Стоун медленно просыпался, поначалу дезориентировавшись в незнакомой комнате. Кровать представляла собой нечто ужасное, повсюду были разбросаны простыни, и он был один. Он потянулся и подумал о предыдущей ночи, и воспоминания о ней были весьма приятные, потом вскочил, услышав телефонный звонок.
— Хэлло?
— Это Билл Эггерс. Почему ты не позвонил мне вчера вечером? Я прождал почти полночи.
— Право, Билл, я и не знал, что это тебя будет так волновать.
— Ты что, не получил мое сообщение?
— О! — сказал Стоун, открывая маленький конверт. В записке говорилось:
ПОЗВОНИ МНЕ ВЕЧЕРОМ, КАК БЫ НИ БЫЛО ПОЗДНО.
— Извини, Билл, я был очень занят, и даже не прочитал его.
— Черт возьми, откуда ты знаешь Дэвида Стармака?
— Я встретился с ним вчера за обедом в доме Вэнса Калдера.

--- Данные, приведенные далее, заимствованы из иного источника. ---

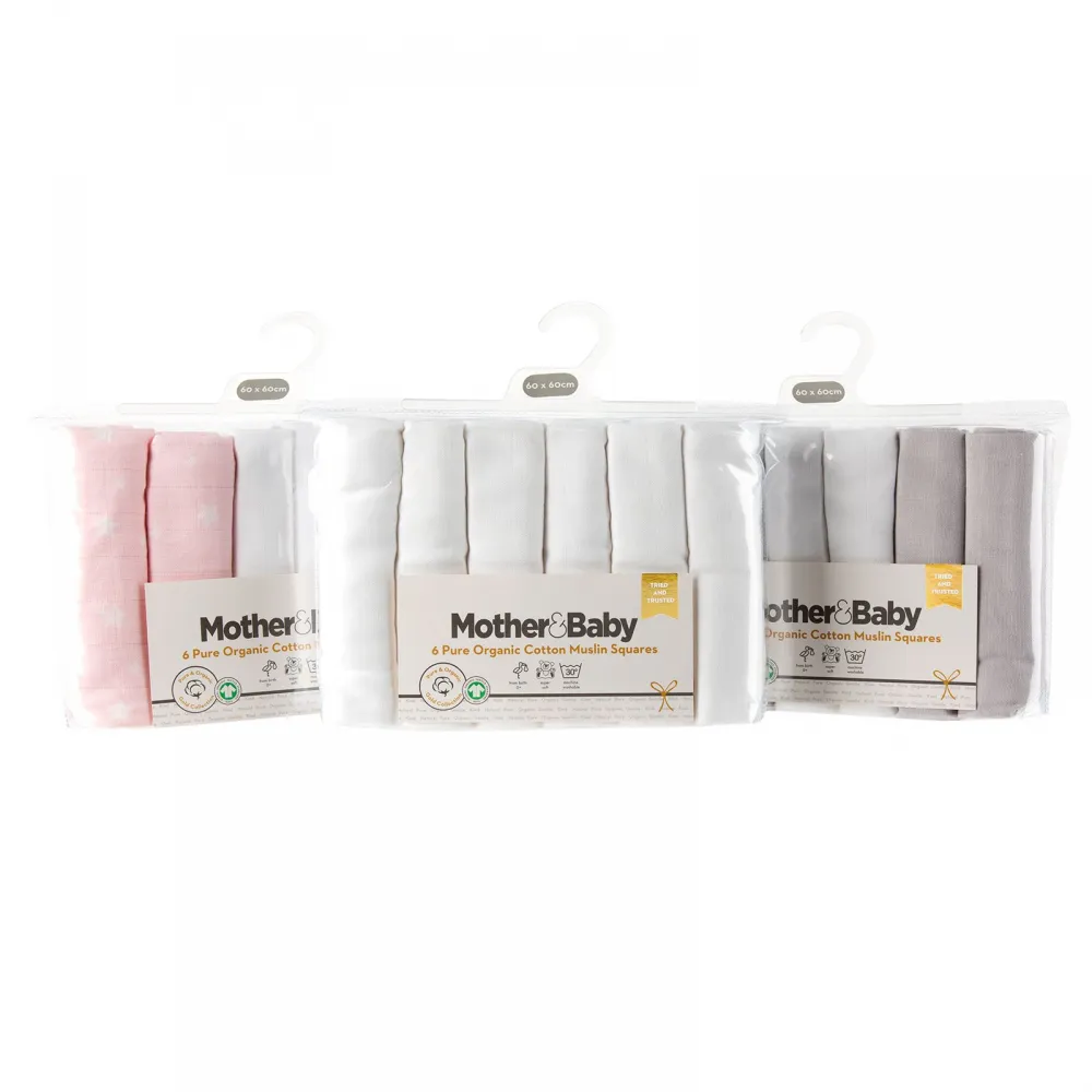 Mother&Baby 6 Pack Cotton Muslins – Pink Star

— Только вчера? — Он звонил мне по поводу тебя вчера днем, а это было до того, как ты встретился с ним, не так ли?
— Верно.
— Господи, что же ты делаешь в Голливуде, обедая со звездами экрана и со стряпчими?
— Стряпчими?
— Ты, что, не знаешь, кто такой Дэвид Стармак?
— Мне известно, что у него достаточно влияния в сфере кино бизнеса. Вот и все, пожалуй. Кто он еще?
— Стоун, если это случилось не на Верхнем Ист Сайде между Сорок Второй и Сорок Шестой улицами, то ты не в курсе событий, верно?
— По-твоему, я обязан знать, кто он такой, этот Стармак?
— Ну, может, и нет. Только очень немногие действительно знают, и так случилось, что я — один из них.
— Отчего же он так малоизвестен, при столь большом влиянии?
— Потому что ему так хочется. Все обычно происходит так, как этого желает Стармак.
— О!
— Ей, богу! У нас с ним был вчера разговор. Он позвонил совершенно неожиданно. Хорошо, что застал меня на месте.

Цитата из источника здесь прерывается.